[Dataset items]
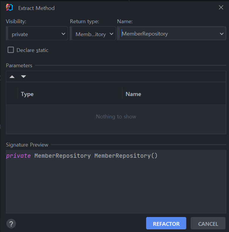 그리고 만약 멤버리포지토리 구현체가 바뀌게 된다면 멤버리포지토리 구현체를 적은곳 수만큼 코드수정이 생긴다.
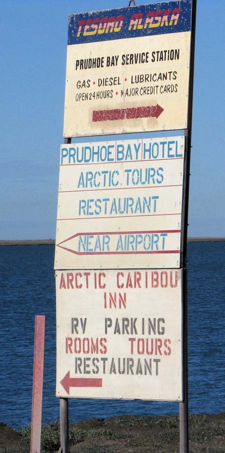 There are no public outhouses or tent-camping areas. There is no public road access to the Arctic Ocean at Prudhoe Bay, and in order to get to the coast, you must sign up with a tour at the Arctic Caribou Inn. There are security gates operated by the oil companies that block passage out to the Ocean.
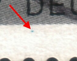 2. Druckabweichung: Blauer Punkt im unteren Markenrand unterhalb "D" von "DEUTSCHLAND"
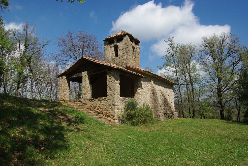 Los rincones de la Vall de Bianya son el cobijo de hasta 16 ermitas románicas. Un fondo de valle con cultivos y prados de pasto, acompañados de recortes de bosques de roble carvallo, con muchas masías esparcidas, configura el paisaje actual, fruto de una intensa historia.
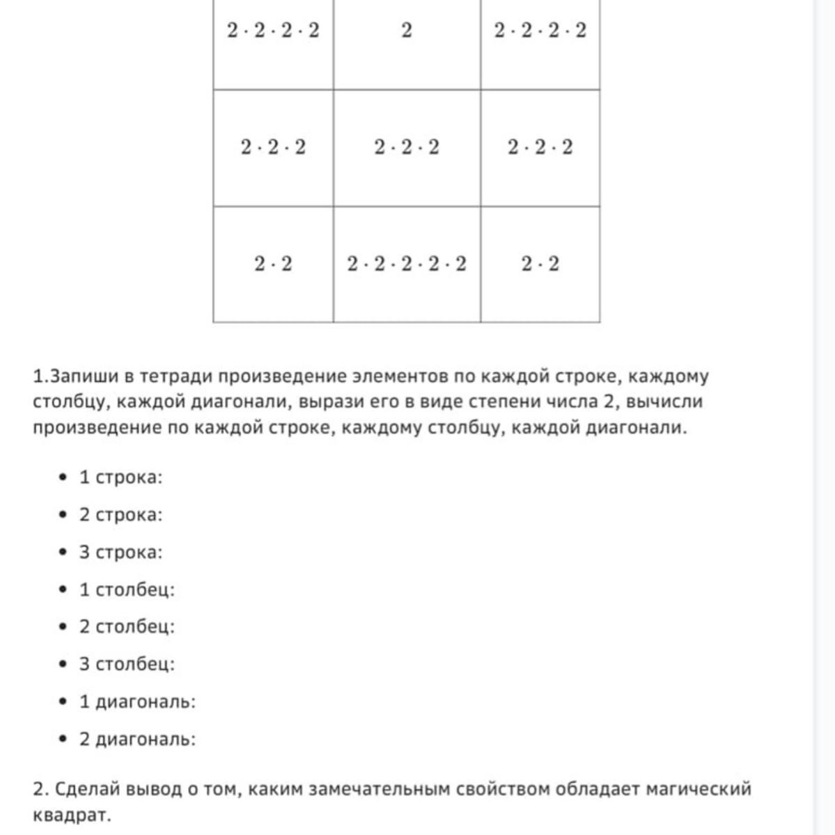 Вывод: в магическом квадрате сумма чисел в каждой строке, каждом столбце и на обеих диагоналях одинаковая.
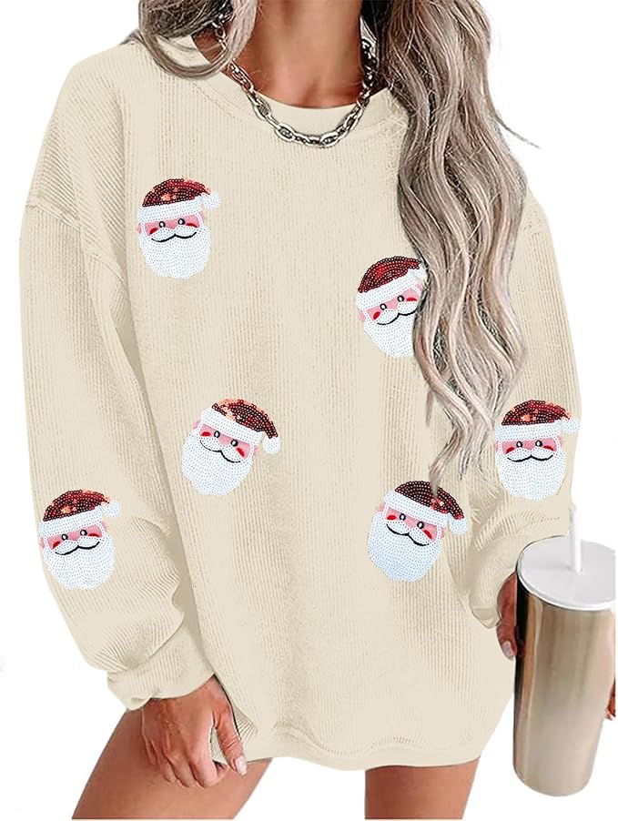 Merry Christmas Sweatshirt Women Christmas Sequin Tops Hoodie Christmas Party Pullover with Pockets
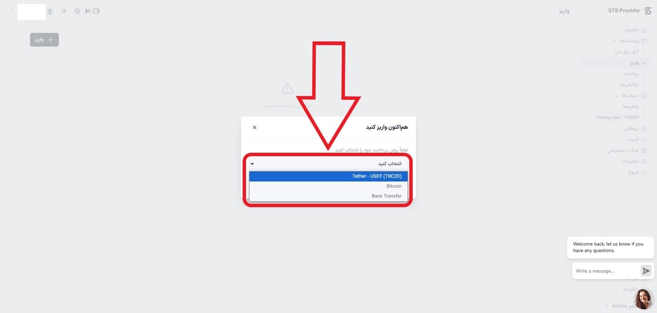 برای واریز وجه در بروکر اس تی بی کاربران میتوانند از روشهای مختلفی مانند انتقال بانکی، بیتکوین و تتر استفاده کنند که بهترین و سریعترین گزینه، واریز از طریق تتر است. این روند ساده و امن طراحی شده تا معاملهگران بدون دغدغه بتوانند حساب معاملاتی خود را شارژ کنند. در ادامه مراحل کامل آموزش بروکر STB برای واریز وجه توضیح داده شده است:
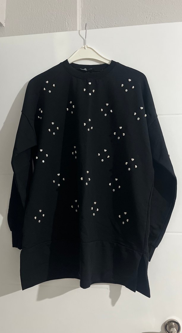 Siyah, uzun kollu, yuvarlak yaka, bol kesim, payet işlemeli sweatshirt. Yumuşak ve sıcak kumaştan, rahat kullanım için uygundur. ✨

Problem ->
Copy out the entries above in full and exactly, skipping every picture.

Finished task ->
 그리고 만약 멤버리포지토리 구현체가 바뀌게 된다면 멤버리포지토리 구현체를 적은곳 수만큼 코드수정이 생긴다.
 There are no public outhouses or tent-camping areas. There is no public road access to the Arctic Ocean at Prudhoe Bay, and in order to get to the coast, you must sign up with a tour at the Arctic Caribou Inn. There are security gates operated by the oil companies that block passage out to the Ocean.
 2. Druckabweichung: Blauer Punkt im unteren Markenrand unterhalb "D" von "DEUTSCHLAND"
 Los rincones de la Vall de Bianya son el cobijo de hasta 16 ermitas románicas. Un fondo de valle con cultivos y prados de pasto, acompañados de recortes de bosques de roble carvallo, con muchas masías esparcidas, configura el paisaje actual, fruto de una intensa historia.
 Вывод: в магическом квадрате сумма чисел в каждой строке, каждом столбце и на обеих диагоналях одинаковая.
 Merry Christmas Sweatshirt Women Christmas Sequin Tops Hoodie Christmas Party Pullover with Pockets
 برای واریز وجه در بروکر اس تی بی کاربران میتوانند از روشهای مختلفی مانند انتقال بانکی، بیتکوین و تتر استفاده کنند که بهترین و سریعترین گزینه، واریز از طریق تتر است. این روند ساده و امن طراحی شده تا معاملهگران بدون دغدغه بتوانند حساب معاملاتی خود را شارژ کنند. در ادامه مراحل کامل آموزش بروکر STB برای واریز وجه توضیح داده شده است:
 Siyah, uzun kollu, yuvarlak yaka, bol kesim, payet işlemeli sweatshirt. Yumuşak ve sıcak kumaştan, rahat kullanım için uygundur. ✨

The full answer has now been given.